Ricci became an assistant conductor with the Rome Opera House and in that capacity worked eight years with Giacomo Puccini and thirty-four
years with Pietro Mascagni. Other composers with whom he was associated include Ottorino Respighi, Umberto Giordano, Riccardo Zandonai, and Ildebrando Pizzetti. Among the many great conductors with whom he worked were Gino Marinuzzi, Vittorio Gui, Ettore Panizza, Tullio Serafin, Victor de Sabata; as well as singers such as Ezio Pinza, Beniamino Gigli, Toti dal Monte, Giacomo Lauri-Volpi, Maria Caniglia, Tito Gobbi to name but a few.
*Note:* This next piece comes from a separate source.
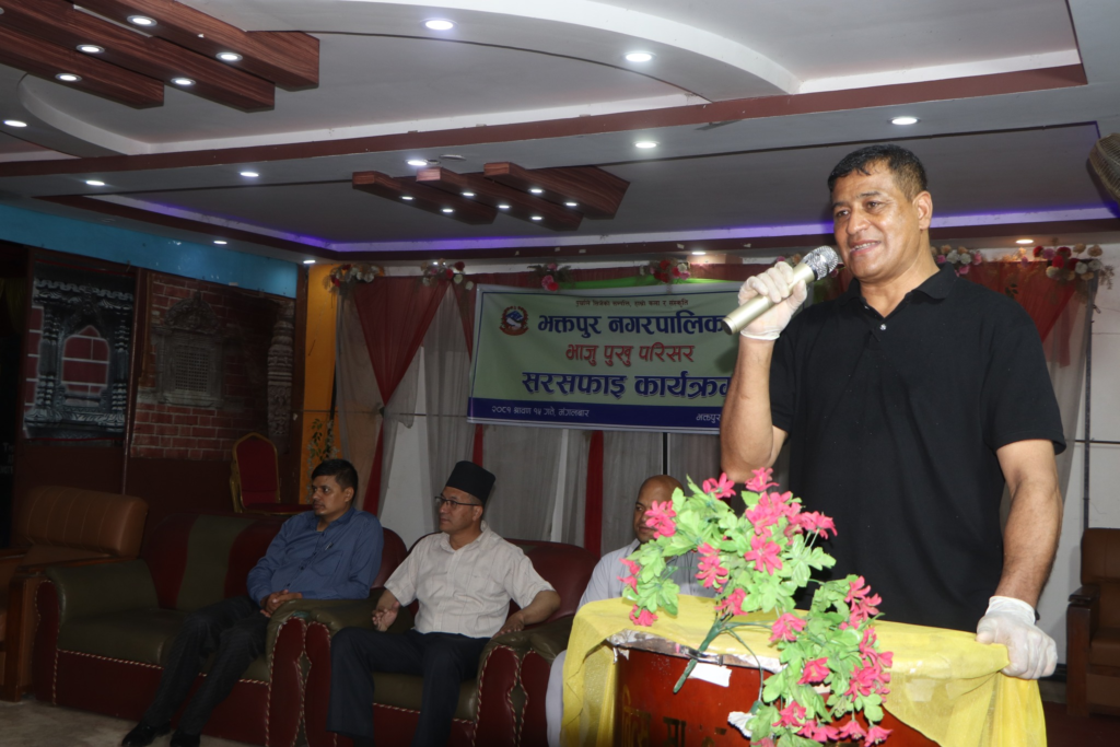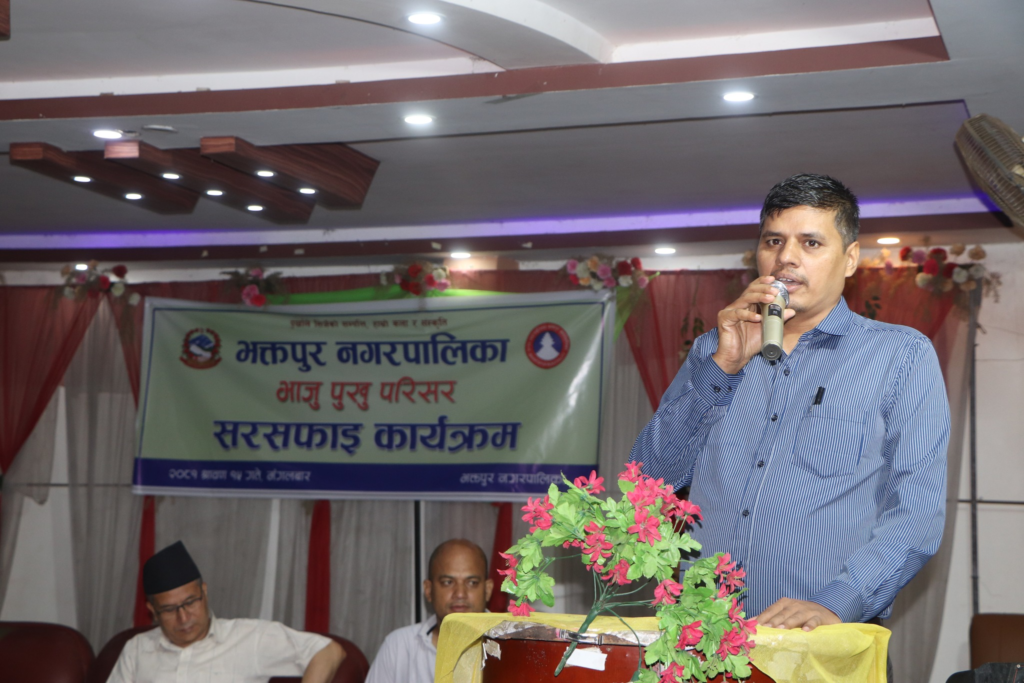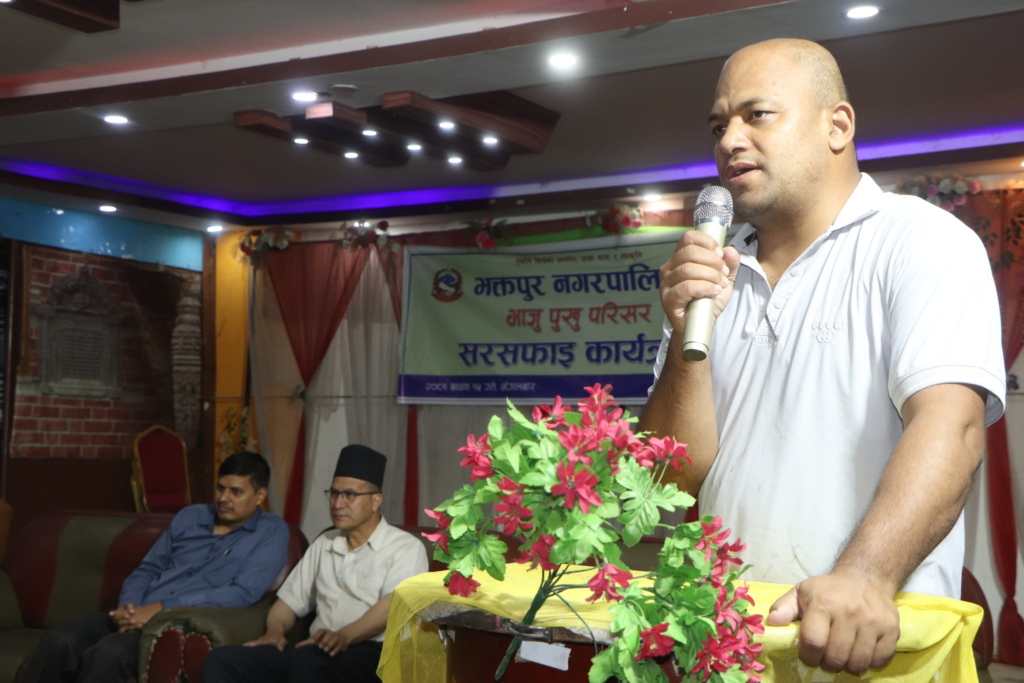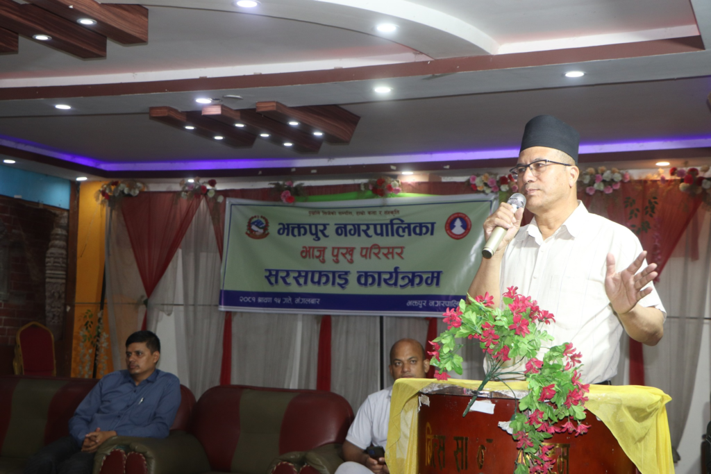 कार्यक्रममा बोल्नुहुदै भक्तपुर नगरपालिकाका प्रमुख सुनिल प्रजापतिले २०७४ सालदेखी थालनी गरिएको सफाइ कार्यक्रम कोभिडको समयमा रोकिएपछि पुनः पाक्षिक सरसफाइ कार्यक्रम सुरुवात गरेको बताउनुभयो । हरेक देशमा सम्पदा क्षेत्रमा समाज अनुकुल सरसफाइ कार्यक्रम हुने गरेको बताउनुहुदै प्रमुख प्रजापतिले नगरपालिकाले सफाइ अभियान प्रचार भन्दा पनि काममा बढी केन्द्रित गरेको बताउनुभयो । नगरपालिकाले जन सहभागितामा बढी जोड दिदै आइरहेको चर्चा गर्नुहुदै सफाइ अभियानलाई थप व्यवस्थित गर्दै जाने बताउनुभयो ।

The latter, for instance, in his writings speaks very warmly about Ricci as an understanding and profoundly thinking professional.

Ricci was the author of a collection of four volumes on "Variations, Cadenzas, and Traditions", and of two books "Puccini interprete da se stesso", and "34 anni con Pietro Mascagni". He collaborated on the musical direction of forty-two films and on numerous opera recordings with RCA.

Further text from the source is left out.